- Opening Delimiter -
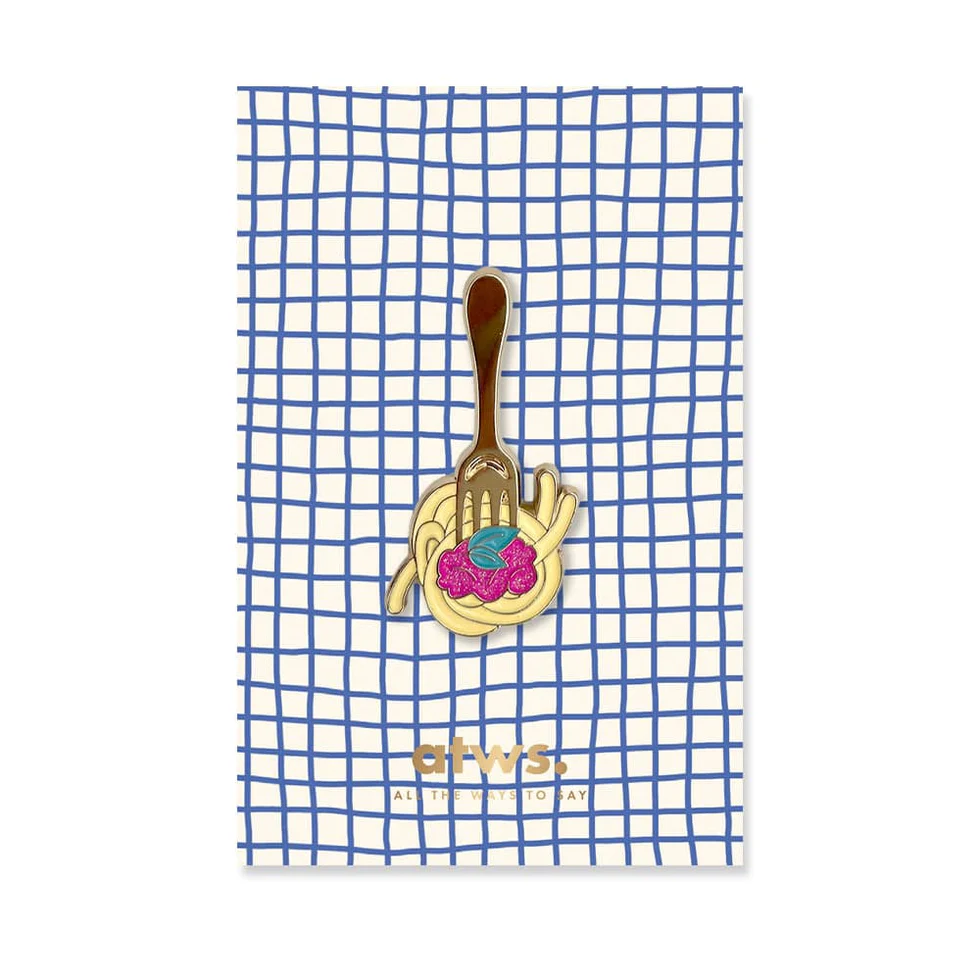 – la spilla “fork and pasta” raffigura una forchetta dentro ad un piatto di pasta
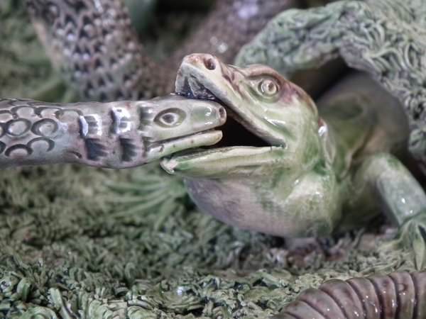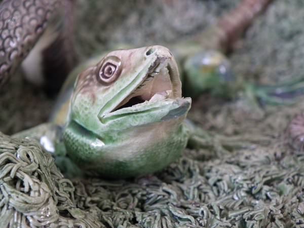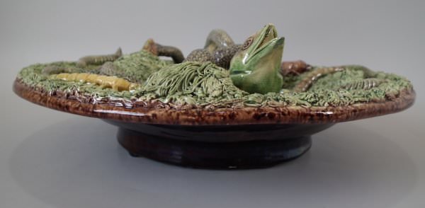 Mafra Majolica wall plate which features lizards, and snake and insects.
- Closing Delimiter -
- Opening Delimiter -
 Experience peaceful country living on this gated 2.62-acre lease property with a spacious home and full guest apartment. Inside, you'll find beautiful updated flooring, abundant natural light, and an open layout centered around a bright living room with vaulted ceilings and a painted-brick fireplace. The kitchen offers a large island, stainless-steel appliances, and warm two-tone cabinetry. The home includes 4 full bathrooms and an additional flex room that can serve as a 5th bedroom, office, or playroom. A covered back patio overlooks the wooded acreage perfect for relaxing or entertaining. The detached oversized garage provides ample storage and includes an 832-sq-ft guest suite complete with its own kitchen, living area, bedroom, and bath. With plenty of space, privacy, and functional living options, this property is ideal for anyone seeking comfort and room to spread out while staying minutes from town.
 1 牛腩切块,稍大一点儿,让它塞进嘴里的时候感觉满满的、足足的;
- Closing Delimiter -
### [Exercise directions]
In the listing above, find the line with "Experience peaceful country" and the line with "1 牛腩切块,稍大一点儿,让它塞进嘴里的时候感觉满满的、足足的;". Output those two lines and every line between them, exactly as written.

### [Your solution]
 Experience peaceful country living on this gated 2.62-acre lease property with a spacious home and full guest apartment. Inside, you'll find beautiful updated flooring, abundant natural light, and an open layout centered around a bright living room with vaulted ceilings and a painted-brick fireplace. The kitchen offers a large island, stainless-steel appliances, and warm two-tone cabinetry. The home includes 4 full bathrooms and an additional flex room that can serve as a 5th bedroom, office, or playroom. A covered back patio overlooks the wooded acreage perfect for relaxing or entertaining. The detached oversized garage provides ample storage and includes an 832-sq-ft guest suite complete with its own kitchen, living area, bedroom, and bath. With plenty of space, privacy, and functional living options, this property is ideal for anyone seeking comfort and room to spread out while staying minutes from town.
 1 牛腩切块,稍大一点儿,让它塞进嘴里的时候感觉满满的、足足的;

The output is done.